Create a webhook endpoint that subscribes to the events you want to stream:

curl -X POST https://api.sidclaw.com/api/v1/webhooks \
  -H "Authorization: Bearer $ADMIN_API_KEY" \
  -H "Content-Type: application/json" \
  -d '{
    "url": "https://your-siem-collector.com/ingest/sidclaw",
    "events": ["trace.completed", "audit.event", "audit.batch"],
    "description": "SIEM continuous export"
  }'

The trace.completed event delivers a summary of each finalized trace. The audit.event event delivers individual audit events as they are recorded.
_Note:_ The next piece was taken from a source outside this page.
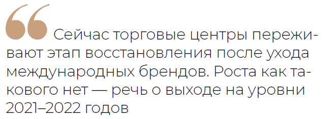 — Сейчас торговые центры переживают этап восстановления после ухода международных брендов. Роста как такового нет — речь о выходе на уровни 2021—2022 годов. Явно виден этап развития и усиления, качественного изменения российских брендов в лучшую сторону. Избытка свободных арендных площадей мы не ощущаем, но есть несоответствие намерений владельцев торговых центров (концепция, перечень брендов, ставки, условия) и готовности потенциальных арендаторов. Постепенно площади заполняются, и, полагаю, размер вакансий вскоре вернётся к уровню 3—5%. Трафик до уровня 2019 года не восстановился нигде по стране, но наш торговый центр в 2022 году точно показал положительную динамику по трафику. Определённую насторожённость и приостановку развития вызвала ситуация нынешнего августа с курсами валют.

The audit.batch event delivers batched audit events for higher throughput.

See Webhooks for signature verification and retry behavior.

SIEM Integration Guides

Splunk

Use an HTTP Event Collector (HEC) as your webhook endpoint:

  1. In Splunk, create an HEC token at Settings > Data Inputs > HTTP Event Collector.
  2. Create a SidClaw webhook pointing to your HEC endpoint: https://your-splunk:8088/services/collector/event
  3. Configure a receiver that transforms the SidClaw payload into Splunk event format.

For batch ingestion, schedule a cron job that calls the audit event export endpoint and forwards the JSON output to Splunk via HEC.

Datadog

Use the Datadog Log API as your collection endpoint:

  1. Create a Datadog API key at Organization Settings > API Keys.
  2. Set up a lightweight proxy that receives SidClaw webhooks and forwards them to the Datadog Log API (https://http-intake.logs.datadoghq.com/api/v2/logs).
  3. Tag events with source:sidclaw and service:agent-governance for filtering.

For batch ingestion, use the CSV export and Datadog's Log Rehydration or Log Archives features.

ELK Stack (Elasticsearch, Logstash, Kibana)

Use Logstash as your webhook receiver:

  1. Configure a Logstash HTTP input plugin to receive SidClaw webhooks on a dedicated port.
  2. Use a Logstash filter to parse the JSON payload and extract fields for indexing.
  3. Output to Elasticsearch with an index pattern like sidclaw-audit-YYYY.MM.DD.

Example Logstash configuration:

input {
  http {
    port => 8080
    codec => json
  }
}

filter {
  mutate {
    add_field => { "[@metadata][index]" => "sidclaw-audit-%{+YYYY.MM.dd}" }
  }
}

output {
  elasticsearch {
    hosts => ["http://localhost:9200"]
    index => "%{[@metadata][index]}"
  }
}

For batch ingestion, use the JSON audit event export and Elasticsearch's Bulk API.

Access Control

All export endpoints require the reviewer or admin role. API keys must include the traces:read scope (or admin) to access export endpoints. See RBAC for the full permission matrix.